_WHAT YOU WILL DO_
Please output, exactly and without pictures, the lines from the opening of the listing below through the line containing "猫人袜子男款秋冬季加厚纯棉10A抗菌防臭运动长袜全棉中长筒袜男", both included.

_SUPPLIED DATA_
== Segment start ==
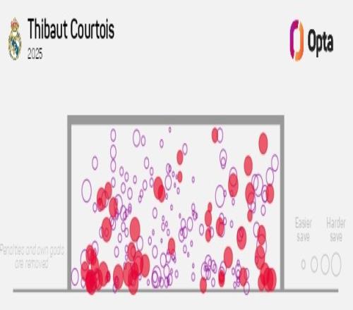 Opta指出,库尔图瓦2025年各赛事扑救174次,五大联赛门将同期扑救次数最多。
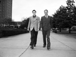 The Texas Wesleyan College (T. W. C.) basketball team is taking every precaution with their new basketball player. Handcuffed together, left to right are Richard Cozad and Coach Johnny Edwards. Texas Christian University recent pilfered a prize basketball player from the Rams. Coach Edwards is guarding against the possibility of losing another player. Cozad is dressed is a collared shirt, necktie, striped trousers, and a sports coat. Coach Edwards is wearing a double breasted suit.
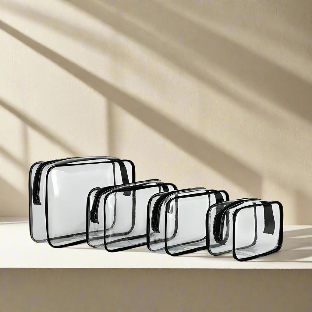 Travel light and stylishly with the Transparent PVC Cosmetic Bag 💎. This waterproof bag makes it easy to find your beauty essentials while keeping them secure and organized.
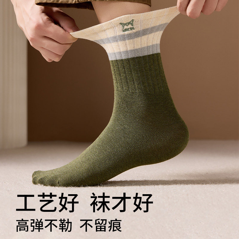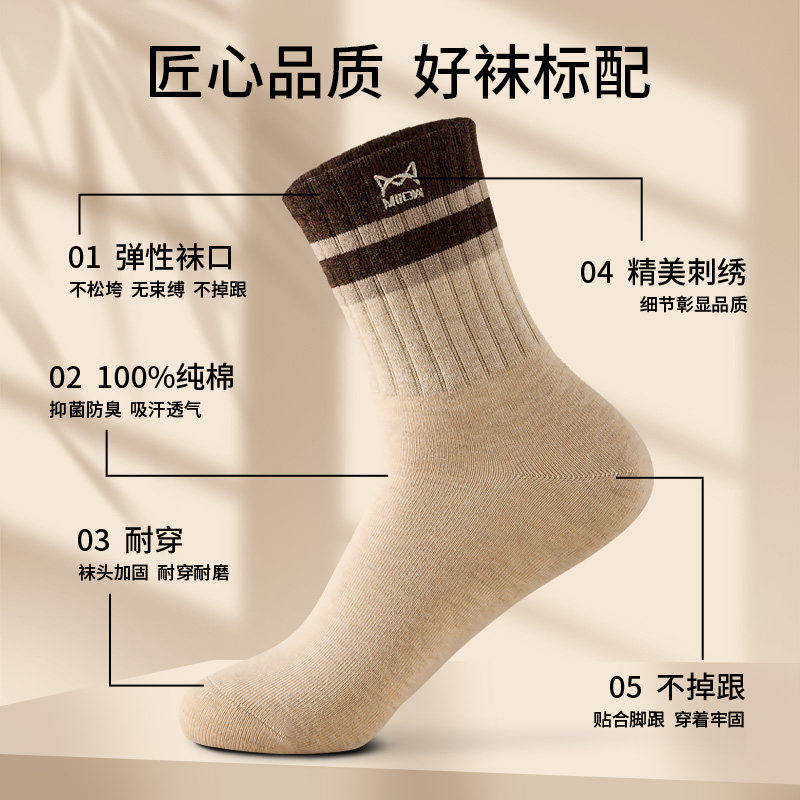 猫人袜子男款秋冬季加厚纯棉10A抗菌防臭运动长袜全棉中长筒袜男
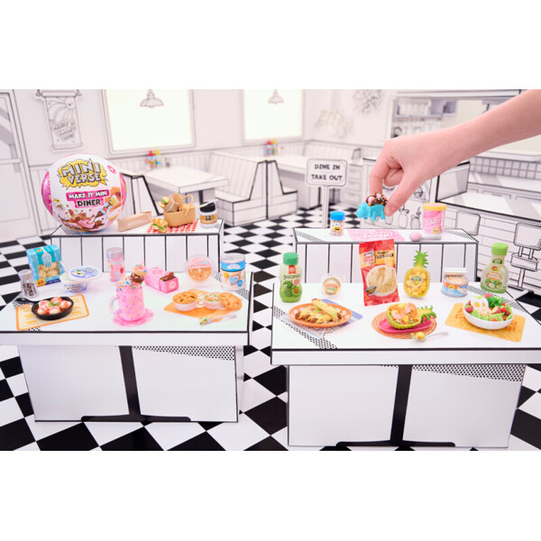 Tutustu MGA:n Miniverseen, Make It Mini Food! Alkuperäinen keräilyesine, jonka voit valmistaa, kovettaa ja esitellä. Jokainen pallo sisältää realistisia mini-"ainesosia" ja keittiötarvikkeita, joiden avulla voit tehdä omia minikopioita suosikkiruoistasi ja -juomistasi.
== Segment end ==
_TASK RESULT_
 Opta指出,库尔图瓦2025年各赛事扑救174次,五大联赛门将同期扑救次数最多。
 The Texas Wesleyan College (T. W. C.) basketball team is taking every precaution with their new basketball player. Handcuffed together, left to right are Richard Cozad and Coach Johnny Edwards. Texas Christian University recent pilfered a prize basketball player from the Rams. Coach Edwards is guarding against the possibility of losing another player. Cozad is dressed is a collared shirt, necktie, striped trousers, and a sports coat. Coach Edwards is wearing a double breasted suit.
 Travel light and stylishly with the Transparent PVC Cosmetic Bag 💎. This waterproof bag makes it easy to find your beauty essentials while keeping them secure and organized.
 猫人袜子男款秋冬季加厚纯棉10A抗菌防臭运动长袜全棉中长筒袜男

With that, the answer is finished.